What does an estuarine ecosystem look like?
Estuaries are critically important habitats for a vast array of wildlife. Not every estuarine ecosystem is structured in the same way; they take the form of mudflats, tidal channels, salt marshes, swamp forests, marsh grasses, etc.1 Dependent on light, nutrient inputs, salinity levels2, as well as its structural formation, each type of estuary supports a unique ecosystem. In all estuaries, however, the interface between salt and freshwater, compounded with the sheltered nature of the estuary, create a productive and dynamic environment primed to support a wide range of life1,3.
What role do estuaries play as ecosystems?
Estuaries support a large amount of life. In the summer months, the provide a home for bottlenose dolphins4. Snails and oysters take up year-round residence1 along with shrimp, crabs, and many sessile estuarine species5. Migratory birds use the estuaries as stopover locations during their migration6 and rely on the abundant fish life to serve as a food source7. They also support numerous forms of vegetative life.
This vegetative life, along with cyanobacteria and other microorganisms, combine to give estuaries considerably high rates of primary production. Estuaries also generally have relatively shallow depth, as well as low currents and weak tide amplitude when compared to coastal habitats. These features combined with consistent salinity and long residence time of the water make estuaries the ideal nurseries for finfish and shellfish, one of the most important roles that they play5.
Why are estuarine ecosystems uniquely vulnerable to humans?
Every species supported by an estuarine ecosystem plays a critical role in maintaining the health of that ecosystem. All species interactions, even down to the zooplankton consumption of phytoplankton5, is in a fragile balance that it is extremely vulnerable to human influences, extreme weather events, etc.
Estuaries take in everything from the river systems that feed into them. Estuarine structure is such that they trap and collect any sediments that flow into them.
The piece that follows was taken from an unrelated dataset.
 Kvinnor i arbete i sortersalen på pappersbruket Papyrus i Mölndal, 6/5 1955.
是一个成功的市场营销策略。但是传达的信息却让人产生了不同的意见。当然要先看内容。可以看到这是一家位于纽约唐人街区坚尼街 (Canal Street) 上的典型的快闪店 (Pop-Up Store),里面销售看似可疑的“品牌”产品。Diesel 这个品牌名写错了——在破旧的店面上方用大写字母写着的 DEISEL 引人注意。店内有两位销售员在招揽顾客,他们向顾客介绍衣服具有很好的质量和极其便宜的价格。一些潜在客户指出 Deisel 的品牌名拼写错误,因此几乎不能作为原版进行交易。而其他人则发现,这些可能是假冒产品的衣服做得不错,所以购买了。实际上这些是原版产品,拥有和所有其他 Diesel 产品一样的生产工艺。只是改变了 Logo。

While this typically encompasses river mud, peat, organic sediments from swamp vegetation, and sand from the inlets and barrier islands, this also means that any pollutants, farm runoff, etc. from locations upstream are deposited into the ecosystem. As agriculture and subsequent nitrogen runoff increases on land, the nutrient input into estuaries has similarly increased. Phytoplankton have responded to this increase by increasing their biomass, in turn significantly elevating levels of eutrophication2. The resulting hypoxic conditions is physically burdening on fish, shellfish, and invertebrates living in the estuarine environment3. Studies have shown decreased volumes of life and levels of biodiversity alongside the increasing nutrient inputs2,3,5. As global anthropogenic climate change increases, the frequency of tropical storms has also increased8. Estuarine ecosystems are uniquely vulnerable to these tropical storms and hurricanes, as they lead to rapid increases in runoff and organic matter5, exacerbating the existing artificially high nutrient input. Furthermore, the presence of toxic runoff in these ecosystems has been connected to an increase in fish disease, including lesions, sloughing skin, and bacterial infections5.
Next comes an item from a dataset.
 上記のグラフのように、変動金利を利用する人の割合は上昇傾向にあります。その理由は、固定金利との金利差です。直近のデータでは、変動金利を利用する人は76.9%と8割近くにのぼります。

1 Pilkey, Orrin H. The North Carolina Shore and Its Barrier Islands: Restless Ribbons of Sand. Duke University Press, 1998.
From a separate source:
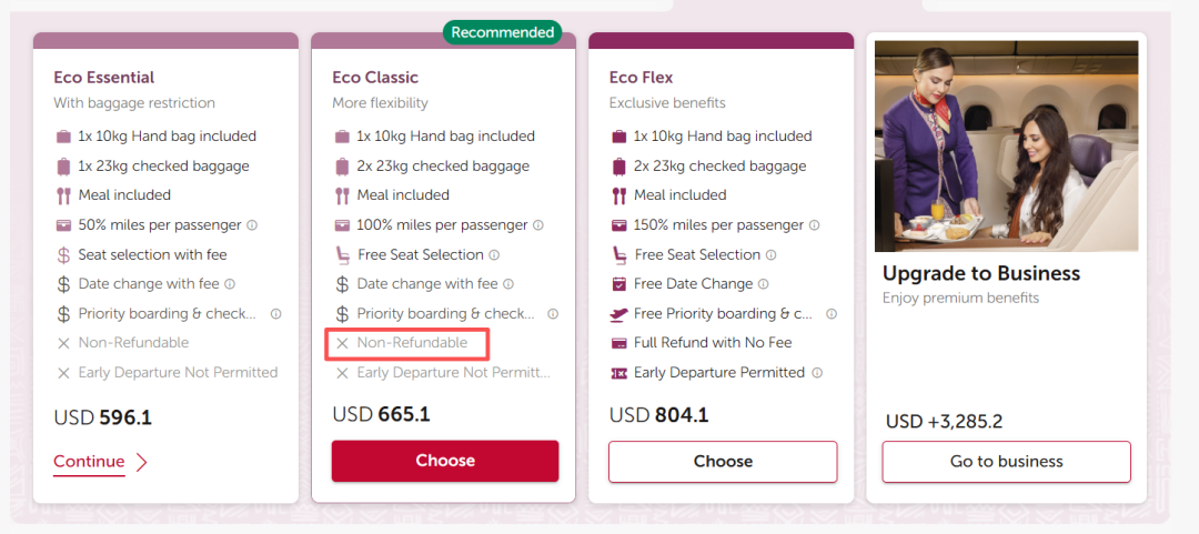 665美金经济舱:免费2件23kg托运行李,1件登机行李+背包等个人物品

2 Pinckney, JL, et al. “Annual Cycles of Phytoplankton Community-Structure and Bloom Dynamics in the Neuse River Estuary, North Carolina.” Marine Biology, May 1998.
3 Paerl, Hans W, et al. “Ecosystem Responses to Internal and Watershed Organic Matter Loading: Consequences for Hypoxia in the Eutrophying Neuse River Estuary, North Carolina, USA.” Marine Ecology Progress Series, vol. 166, 28 May 1998.
4 Read, Andrew J, et al. “Abundance of Bottlenose Dolphins in the Bays, Sounds, and Estuaries of North Carolina.” Marine Mammal Science, Jan. 2003, pp. 59-73.
5 Paerl, H. W., et al. “Ecosystem Impacts of Three Sequential Hurricanes (Dennis, Floyd, and Irene) on the United States’ Largest Lagoonal Estuary, Pamlico Sound, NC.” Proceedings of the National Academy of Sciences, vol. 98, no. 10, 2001, pp. 5655-5660., doi:10.1073/pnas.101097398.
6 Gill, J., Norris, K., Potts, P. et al. The buffer effect and large-scale population regulation in migratory birds. Nature 412, 436–438 (2001). https://doi.org/10.1038/35086568.
7 Osborn, Katherine, “Season Fish and Invertebrate Communities in Three Northern California Estuaries” (2017). HSU Theses and Projects 101. https://digitalcommons.humboldt.edu/etd/101.
8 Buis, Alan. “How Climate Change May Be Impacting Storms Over Earth’s Tropical Oceans – Climate Change: Vital Signs of the Planet.” NASA, NASA, 20 Mar. 2020, climate.nasa.gov/blog/2956/how-climatechange-may-be-impacting-storms-over-earthstropical-oceans/.